▶ [About this task]: Within the listing that follows, reproduce exactly the lines starting at the line with "Abrigo cruzado con" and ending at the line with "藤枝総合運動公園サッカー場の", inclusive, and only those. Pictures are dropped.

▶ [Exercise input]:
Start of Block
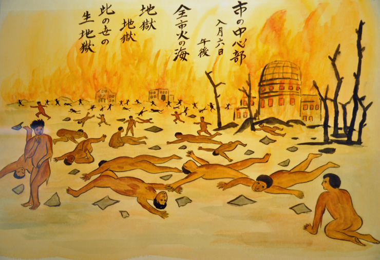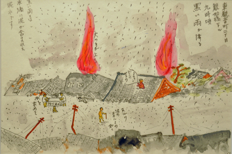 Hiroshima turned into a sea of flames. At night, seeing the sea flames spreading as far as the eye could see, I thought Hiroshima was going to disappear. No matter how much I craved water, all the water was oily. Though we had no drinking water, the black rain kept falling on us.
End of Block
Start of Block
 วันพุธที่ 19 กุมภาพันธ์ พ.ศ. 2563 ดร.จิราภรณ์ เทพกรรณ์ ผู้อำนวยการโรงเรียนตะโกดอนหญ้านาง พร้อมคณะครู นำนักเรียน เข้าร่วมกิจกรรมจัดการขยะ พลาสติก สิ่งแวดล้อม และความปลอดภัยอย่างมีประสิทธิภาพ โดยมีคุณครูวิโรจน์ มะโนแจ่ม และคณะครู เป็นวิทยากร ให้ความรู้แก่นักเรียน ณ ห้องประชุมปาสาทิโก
End of Block
Start of Block
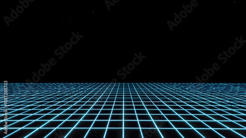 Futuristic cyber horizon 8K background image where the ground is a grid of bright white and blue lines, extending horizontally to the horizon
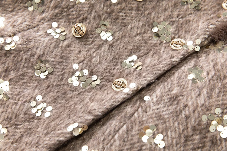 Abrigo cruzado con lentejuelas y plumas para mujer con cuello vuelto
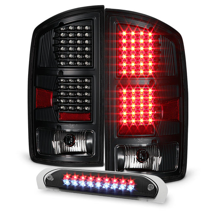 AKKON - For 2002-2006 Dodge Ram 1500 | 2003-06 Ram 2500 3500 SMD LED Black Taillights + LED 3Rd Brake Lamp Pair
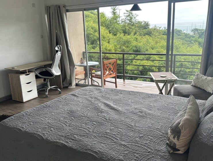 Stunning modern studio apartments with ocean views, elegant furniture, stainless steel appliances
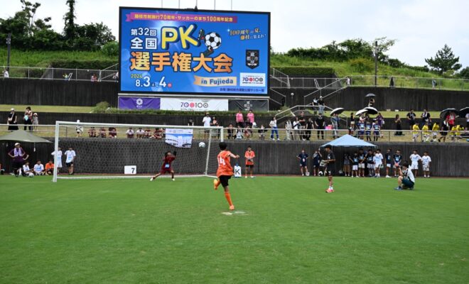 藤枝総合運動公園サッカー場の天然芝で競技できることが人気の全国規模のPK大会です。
End of Block
▶ [Response below]:
 Abrigo cruzado con lentejuelas y plumas para mujer con cuello vuelto
 AKKON - For 2002-2006 Dodge Ram 1500 | 2003-06 Ram 2500 3500 SMD LED Black Taillights + LED 3Rd Brake Lamp Pair
 Stunning modern studio apartments with ocean views, elegant furniture, stainless steel appliances
 藤枝総合運動公園サッカー場の天然芝で競技できることが人気の全国規模のPK大会です。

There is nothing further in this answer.